Usually they mean well in everything they do, well the good ones anyhow. However my hubby thought it was a great idea to shut my blog alarm off before we watched the last of Supernatural.
So I did not post yesterday, I’m frustrated but really there is nothing you can do if you miss something. Just try to be more attentive to things.
Today I am feeling tired. I dunno why I slept my normal 10 hours. I am just super tired and bored.
I’m out of weed, not stopping, just out. Which is also frustrating.
So I’m sleepy, frustrated and bored.
Sorry there is nothing interesting to read today.
I don’t know if I should post when I remember to post or just when my alarm goes off. Waiting for the alarm gives me more of a chance of something happening to me. Otherwise, it’s Reba til Two, The Middle til Five, Last Man Standing til Eight, The Middle til ten, then mike & molly, two broke girls til midnight where I go to bed.
Sometimes I stop watching TV and actually play on my computer or paint.
Then there are those rare days where I leave the house.
Today I think I’ll just stick with my original plan and chill on the couch for the day, I have no motivation.
P.S. I’m sorry if I don’t respond to comments, I love reading them, I’m just not good at responding and I don’t want people to feel left out if I don’t know what to say. I’m very happy that I got as many comments as I did about my tunes.
In some ways I think that all the social media that we have these days is a huge mistake. Kids are spending more time with their electronics than playing and enjoying life outside. We text instead of talking and post anonymously about things we believe in.
Yet if I never had a computer, I would never have met my husband. I wouldn’t half this blog as an outlet and I wouldn’t be able to see all the wonderful things going on with my family in Canada.
Social Media definitely has its place in our world. Hopefully we can find a nice balance before we all turn into shut ins..
I’m feeling regret at harnessing myself to writing my blog every day. I know it is good for me though, so I will keep trying to do it.
I’m feeling regret at the fact that I can’t think of anything to say.
Today I am anxious.
I came, I conquered.
I have an alarm that goes off every day to remind me to do my blog. Some days I don’t need it but apparently yesterday I did because I forgot to write. I’ll try not to beat myself up over it. It’s only one day.
Today I don’t really have much to write about honestly. Not much going on. The allergens are so bad right now that my head feels like a swollen balloon! Least my headache seems to be lighter than the one I had yesterday.
I’m not depressed today but I’m not exactly happy either cause I feel kind of crappy.

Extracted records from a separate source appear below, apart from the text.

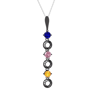 Lab safir, pembe kuvars ve sitrin 925 ayar siyah rodyum kaplama gümüş kolye (40 cm beyaz altın rolo zincir)
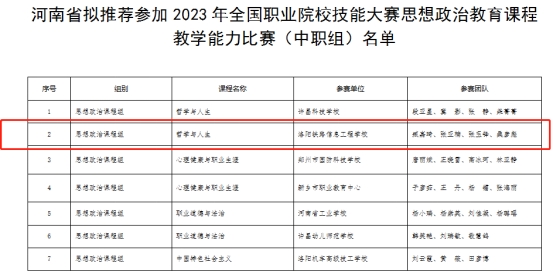 近日,河南省教育厅发布了《关于公布河南省拟推荐参加2023年全国职业院校技能大赛思想政治教育课程教学能力比赛(中职组)名单的通知》,我校臧嘉琦、张亚楠、张玉锋、桑彦彪思政教师团队脱颖而出,将代表河南省参加2023年全国职业院校技能大赛思想政治教育课程教学能力比赛(中职组)国赛。至此,本年度我校师生已相继入围2023年全国职业院校技能大赛3个赛项的国赛,取得了近年来的最佳成绩。
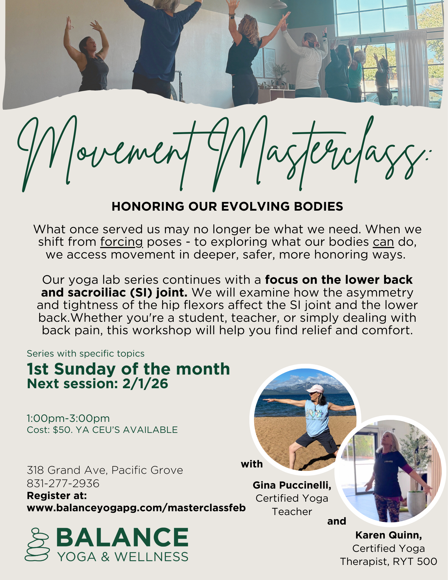 Upcoming Events Movement Masterclass with Karen & Gina Sunday, February 1st | 1:00 - 3:00pm Movement Masterclass Feb 1, 2026 $50.00 Add to cart
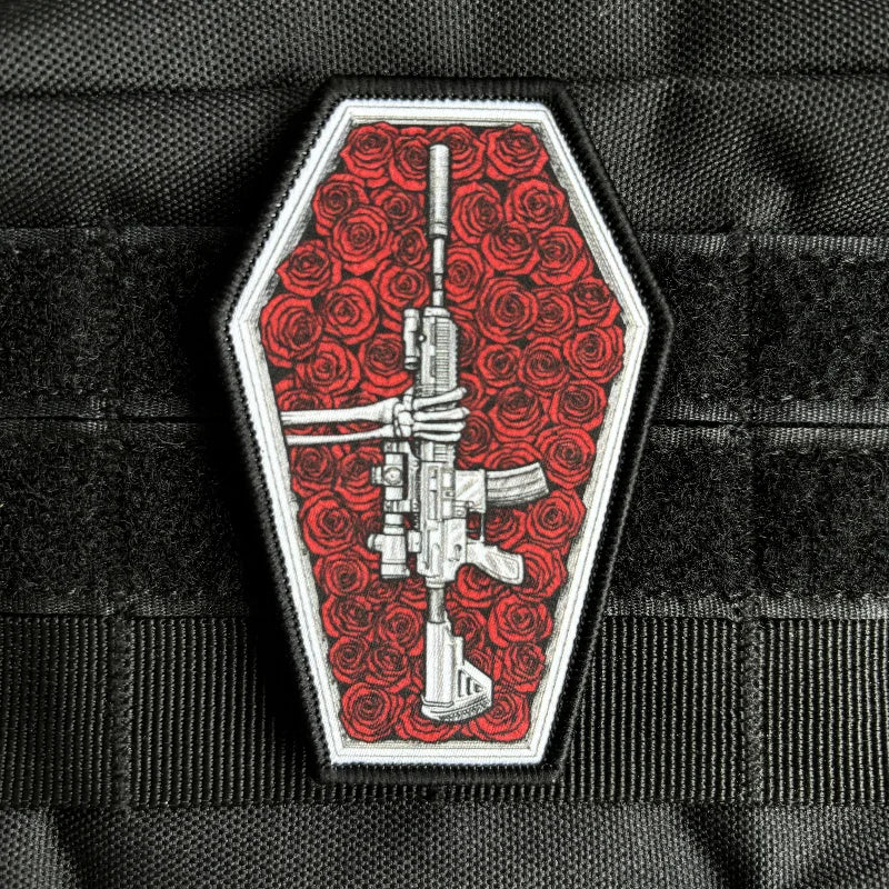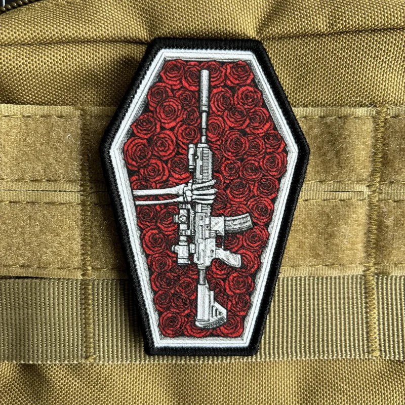 Order your Skeleton Hand 'Roses and Gun' Embroidered Velcro Patch today!
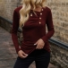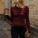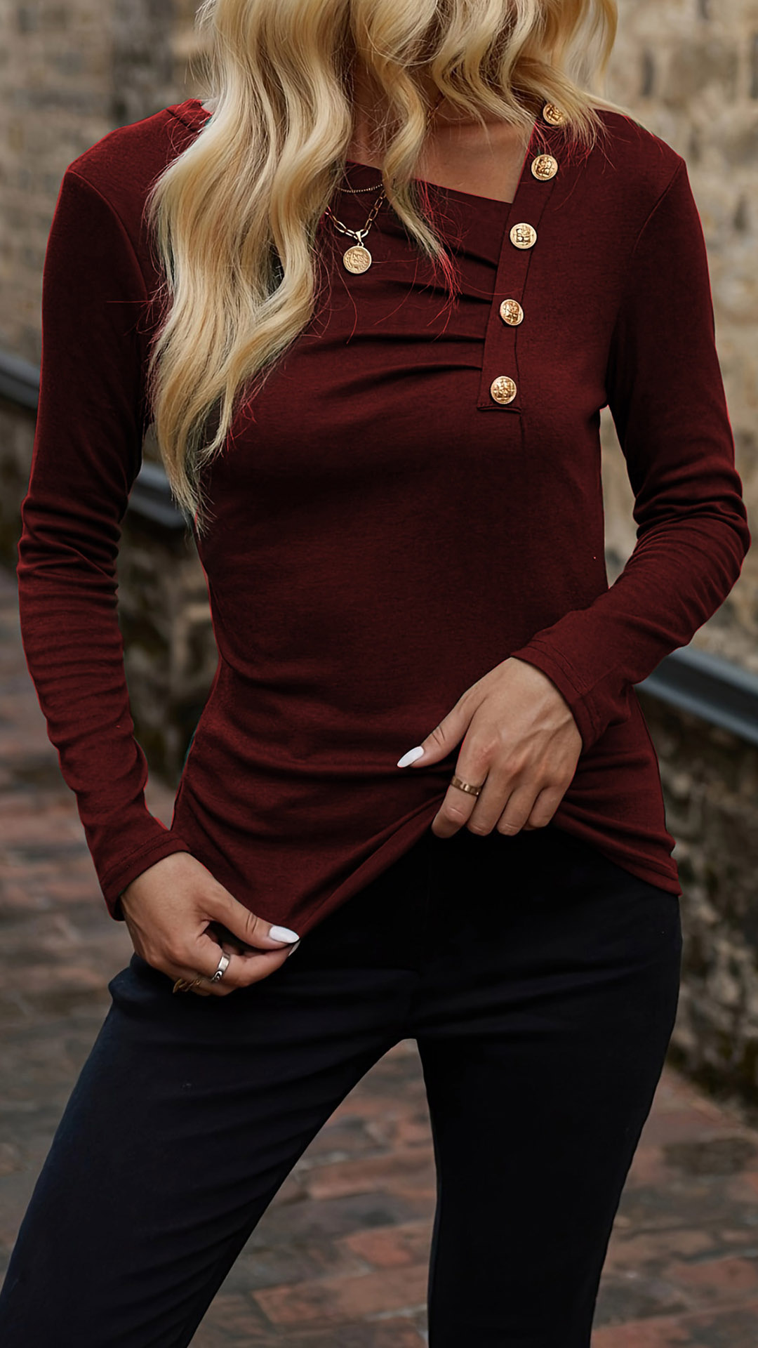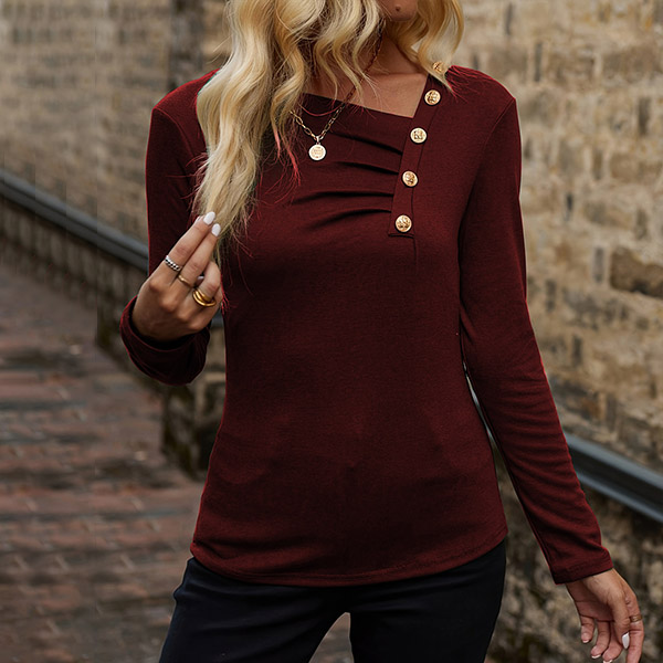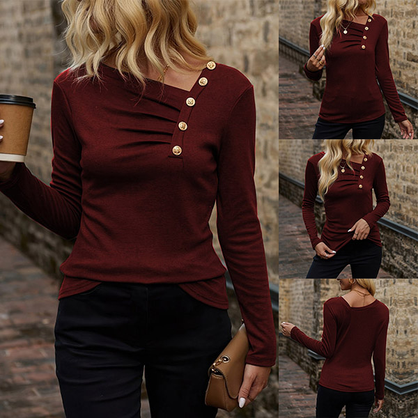 Elevate your wardrobe with this stylish and trendy shirt. It features an irregular neckline with button decoration and long sleeves. Pair it with jeans and sneakers for a more casual look.

Hard to be happy about that. I can smile though and laugh at things so that is definitely heading in the right direction.
I’m feeling so blah. My alarm went off in the middle of me watching TV. I set an alarm to write my blog everyday. I figure it will help.
I don’t really want to do anything. I don’t want to write. I don’t want to watch anymore TV. I just want to crawl into bed, I feel like complete garbage on top of being depressed.
Sometimes there might be a novella and sometimes it may just be a word or two but I will write every day again.
Blech. Least I accomplished something by doing it.
Do you think I should start posting daily again? I’m feeling torn on it. I miss it though a lot
It doesn’t feel natural though to be not posting every day. I don’t want to get out of the habit of it either. I need to fix my shit and get back to writing every day. I wasn’t going to post every day because I don’t always have something to say and I don’t want people to be bored but I am going to make sure I do it for myself.
My mood has been kind of middle of the road. I managed to make it being by myself until almost 10 o’clock last night though because hubby had a work dinner. So I think that I handled that pretty good. I didn’t crawl into bed and I didn’t break down into tears and was even encouraging about it. So good for me.
It’s grey out today and it’s hard to be in a good mood when the world is cold and yucky. I’m trying though. Think I am going to do some housework or workout or something physical.
Tomorrow we move into our new house and we’ll be spending the next week unpacking and getting things set up.
I’ll have internet on Saturday so if I’m not completely exhausted I will try and post then but no promises.
Anyhow off to finish the last of the packing….. see you soon!